Machine Learning models can overcome poor data....
image generated using artificial intelligence using Midjourney

Machine Learning models can overcome poor data....

Data quality is of utmost importance for Machine Learning (ML) models and fraud prevention.

When you input bad data, you output bad predictions.

If you work in fraud prevention, as an analyst, or data scientist then you know how challenging it is to get the data you need. According to mastheadata.com link at the bottom of the article.

"Poor data quality can lead to incorrect business intelligence decisions, worse data analysis, and a multitude of errors. Minor problems in the input data going into training a model can turn into large-scale issues at the output. A 2016 study by IBM revealed that $3.1 trillion is lost annually from the U.S. economy due to poor data quality and its effects alone."

$3.1 trillion is lost annually from the U.S. economy due to poor data quality"

How much money are you losing as a result of poor data quality?

A hymn comes to mind from my childhood "You better build your house upon a rock, Make a good foundation on a solid spot."

Build a solid data foundation

I am not a data purist who believes that every event should have all the data available, I am realistic and understand it can be challenging. Though ensuring a minimum standard does improve data quality and the performance of the predictions by the model, ultimately enabling you to identify fraud.

That said, it comes with a caution. I recall helping a customer who had been told their data quality was poor and likely useless.

I completed a data quality audit and deemed the data quality to be reasonable i.e. no better or worse than other customers. The data was of a standard that could be used to build rules that would accurately detect attacks and fraud and as such believed it was fine to build an ML model.

The data scientists working on the project reviewed the data and said it’s of low value and we can't do anything meaningful with it. Some of the issues raised were:

  • Not enough labels There were not enough events classified as fraud or genuine
  • Data Continuity The Device ID, IP Address and Session ID changed mid session due to an implementation error
  • Atypical events There were different events generated by different applications

They proceeded with the project though and generated features, trained models, and created predictions to see what could be realized. Unfortunately the predictions were poor, no fraud was identified and generally it seemed to miss the mark.

For most of the data scientists working on the project, this was their first time working with real data in fraud prevention. It was quite a wakeup call.

Ultimately they were blaming the data for the poor outcome rather than reviewing their approach and learning.

No alt text provided for this image
Image Source: FT.com, Roger Beale

To prove this, I worked closely with a talented data scientist with considerable real-world experience. Together we successfully identified fraud, generated accurate predictions and generated a bot detection model with the same data that the previous team had failed on.

Why were we successful?

The data scientist knew the data limitations, what would influence the predictions and how the models would be sensitive to time, frequency and the sequence of events. Ultimately, she is a very talented data scientist used to working with limited data.

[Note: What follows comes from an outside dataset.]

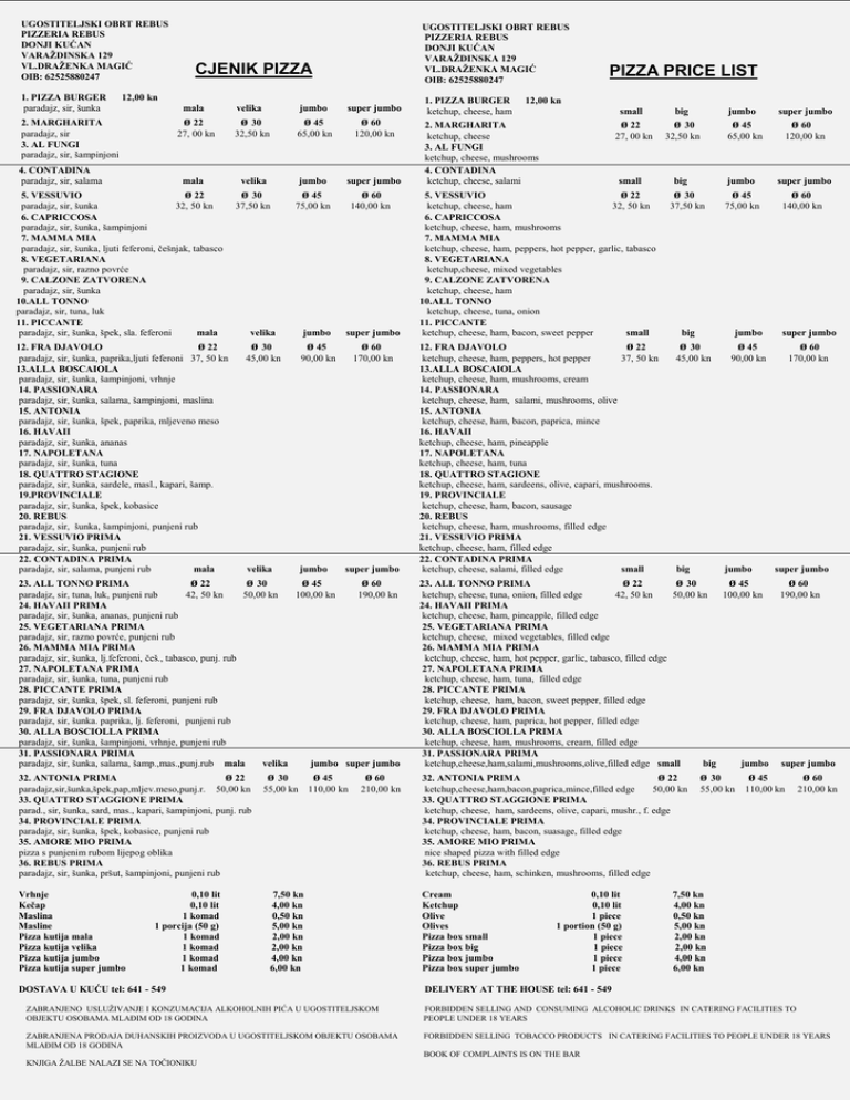 UGOSTITELJSKI OBRT REBUS PIZZERIA REBUS DONJI KUĆAN VARAŽDINSKA 129 VL.DRAŽENKA MAGIĆ OIB: 62525880247 1. PIZZA BURGER paradajz, sir, šunka UGOSTITELJSKI OBRT REBUS PIZZERIA REBUS DONJI KUĆAN VARAŽDINSKA 129 VL.DRAŽENKA MAGIĆ OIB: 62525880247 CJENIK PIZZA 12,00 kn 2. MARGHARITA paradajz, sir 3. AL FUNGI paradajz, sir, šampinjoni 4. CONTADINA paradajz, sir, salama mala velika jumbo ø 22 ø 30 ø 45 27, 00 kn 32,50 kn 65,00 kn 120,00 kn velika jumbo super jumbo ø 30 ø 45 ø 60 37,50 kn 75,00 kn 140,00 kn mala 5. VESSUVIO ø 22 paradajz, sir, šunka 32, 50 kn 6. CAPRICCOSA paradajz, sir, šunka, šampinjoni 7. MAMMA MIA paradajz, sir, šunka, ljuti feferoni, češnjak, tabasco 8. VEGETARIANA paradajz, sir, razno povrće 9. CALZONE ZATVORENA paradajz, sir, šunka 10.ALL TONNO paradajz, sir, tuna, luk 11. PICCANTE paradajz, sir, šunka, špek, sla. feferoni mala 12. FRA DJAVOLO ø 22 paradajz, sir, šunka, paprika,ljuti feferoni 37, 50 kn 13.ALLA BOSCAIOLA paradajz, sir, šunka, šampinjoni, vrhnje 14. PASSIONARA paradajz, sir, šunka, salama, šampinjoni, maslina 15. ANTONIA paradajz, sir, šunka, špek, paprika, mljeveno meso 16. HAVAII paradajz, sir, šunka, ananas 17. NAPOLETANA paradajz, sir, šunka, tuna 18. QUATTRO STAGIONE paradajz, sir, šunka, sardele, masl., kapari, šamp. 19.PROVINCIALE paradajz, sir, šunka, špek, kobasice 20. REBUS paradajz, sir, šunka, šampinjoni, punjeni rub 21. VESSUVIO PRIMA paradajz, sir, šunka, punjeni rub 22. CONTADINA PRIMA paradajz, sir, salama, punjeni rub mala super jumbo ø 60 velika jumbo super jumbo ø 30 ø 45 ø 60 45,00 kn 90,00 kn 170,00 kn velika jumbo super jumbo 1. PIZZA BURGER ketchup, cheese, ham PIZZA PRICE LIST 12,00 kn 2. MARGHARITA ketchup, cheese 3. AL FUNGI ketchup, cheese, mushrooms 4. CONTADINA ketchup, cheese, salami small big jumbo super jumbo ø 22 ø 30 ø 45 ø 60 120,00 kn 27, 00 kn small 5. VESSUVIO ø 22 ketchup, cheese, ham 32, 50 kn 6. CAPRICCOSA ketchup, cheese, ham, mushrooms 7. MAMMA MIA ketchup, cheese, ham, peppers, hot pepper, garlic, tabasco 8. VEGETARIANA ketchup,cheese, mixed vegetables 9. CALZONE ZATVORENA ketchup, cheese, ham 10.ALL TONNO ketchup, cheese, tuna, onion 11. PICCANTE ketchup, cheese, ham, bacon, sweet pepper small 12. FRA DJAVOLO ø 22 ketchup, cheese, ham, peppers, hot pepper 37, 50 kn 13.ALLA BOSCAIOLA ketchup, cheese, ham, mushrooms, cream 14. PASSIONARA ketchup, cheese, ham, salami, mushrooms, olive 15. ANTONIA ketchup, cheese, ham, bacon, paprica, mince 16. HAVAII ketchup, cheese, ham, pineapple 17. NAPOLETANA ketchup, cheese, ham, tuna 18. QUATTRO STAGIONE ketchup, cheese, ham, sardeens, olive, capari, mushrooms. 19. PROVINCIALE ketchup, cheese, ham, bacon, sausage 20. REBUS ketchup, cheese, ham, mushrooms, filled edge 21. VESSUVIO PRIMA ketchup, cheese, ham, filled edge 22. CONTADINA PRIMA ketchup, cheese, salami, filled edge small 32,50 kn 65,00 kn big ø 30 37,50 kn jumbo super jumbo ø 45 ø 60 140,00 kn 75,00 kn big jumbo super jumbo ø 30 ø 45 ø 60 170,00 kn 45,00 kn big 90,00 kn jumbo 23. ALL TONNO PRIMA ø 22 ø 30 ø 45 ø 60 paradajz, sir, tuna, luk, punjeni rub 42, 50 kn 50,00 kn 100,00 kn 190,00 kn 24. HAVAII PRIMA paradajz, sir, šunka, ananas, punjeni rub 25. VEGETARIANA PRIMA paradajz, sir, razno povrće, punjeni rub 26. MAMMA MIA PRIMA paradajz, sir, šunka, lj.feferoni, češ., tabasco, punj. rub 27. NAPOLETANA PRIMA paradajz, sir, šunka, tuna, punjeni rub 28. PICCANTE PRIMA paradajz, sir, šunka, špek, sl. feferoni, punjeni rub 29. FRA DJAVOLO PRIMA paradajz, sir, šunka. paprika, lj. feferoni, punjeni rub 30. ALLA BOSCIOLLA PRIMA paradajz, sir, šunka, šampinjoni, vrhnje, punjeni rub 31. PASSIONARA PRIMA paradajz, sir, šunka, salama, šamp.,mas.,punj.rub mala velika jumbo super jumbo 23. ALL TONNO PRIMA ø 22 ø 30 ø 45 ketchup, cheese, tuna, onion, filled edge 42, 50 kn 50,00 kn 100,00 kn 24. HAVAII PRIMA ketchup, cheese, ham, pineapple, filled edge 25. VEGETARIANA PRIMA ketchup, cheese, mixed vegetables, filled edge 26. MAMMA MIA PRIMA ketchup, cheese, ham, hot pepper, garlic, tabasco, filled edge 27. NAPOLETANA PRIMA ketchup, cheese, ham, tuna, filled edge 28. PICCANTE PRIMA ketchup, cheese, ham, bacon, sweet pepper, filled edge 29. FRA DJAVOLO PRIMA ketchup, cheese, ham, paprica, hot pepper, filled edge 30. ALLA BOSCIOLLA PRIMA ketchup, cheese, ham, mushrooms, cream, filled edge 31. PASSIONARA PRIMA ketchup,cheese,ham,salami,mushrooms,olive,filled edge small big jumbo 32. ANTONIA PRIMA ø 22 paradajz,sir,šunka,špek,pap,mljev.meso,punj.r. 50,00 kn 33. QUATTRO STAGGIONE PRIMA parad., sir, šunka, sard, mas., kapari, šampinjoni, punj. rub 34. PROVINCIALE PRIMA paradajz, sir, šunka, špek, kobasice, punjeni rub 35. AMORE MIO PRIMA pizza s punjenim rubom lijepog oblika 36. REBUS PRIMA paradajz, sir, šunka, pršut, šampinjoni, punjeni rub 32. ANTONIA PRIMA ø 22 ketchup,cheese,ham,bacon,paprica,mince,filled edge 50,00 kn 33. QUATTRO STAGGIONE PRIMA ketchup, cheese, ham, sardeens, olive, capari, mushr., f. edge 34. PROVINCIALE PRIMA ketchup, cheese, ham, bacon, suasage, filled edge 35. AMORE MIO PRIMA nice shaped pizza with filled edge 36. REBUS PRIMA ketchup, cheese, ham, schinken, mushrooms, filled edge Vrhnje Kečap Maslina Masline Pizza kutija mala Pizza kutija velika Pizza kutija jumbo Pizza kutija super jumbo 0,10 lit 0,10 lit 1 komad 1 porcija (50 g) 1 komad 1 komad 1 komad 1 komad ø 30 ø 45 55,00 kn 110,00 kn ø 60 210,00 kn 7,50 kn 4,00 kn 0,50 kn 5,00 kn 2,00 kn 2,00 kn 4,00 kn 6,00 kn DOSTAVA U KUĆU tel: 641 - 549 Cream Ketchup Olive Olives Pizza box small Pizza box big Pizza box jumbo Pizza box super jumbo 0,10 lit 0,10 lit 1 piece 1 portion (50 g) 1 piece 1 piece 1 piece 1 piece ø 30 55,00 kn super jumbo ø 60 190,00 kn super jumbo ø 45 110,00 kn ø 60 210,00 kn 7,50 kn 4,00 kn 0,50 kn 5,00 kn 2,00 kn 2,00 kn 4,00 kn 6,00 kn DELIVERY AT THE HOUSE tel: 641 - 549 ZABRANJENO USLUŽIVANJE I KONZUMACIJA ALKOHOLNIH PIĆA U UGOSTITELJSK

Also she knew the importance of working with an SME that understood the attacks, user journeys, applications, data, the customer and their problems.

In this example, the data was not the issue but the experience of the team working on the data and the process applied, i.e. not working with a subject matter expert, not having realistic expectations about data and working within the limitations of the data.

But wait.... your article infers that you cannot overcome bad data with ML models.

The example above, related to good quality data with some limitations. When the data quality is poor, then the predictions created will be poor and the likelihood of identifying fraud will be close to zero.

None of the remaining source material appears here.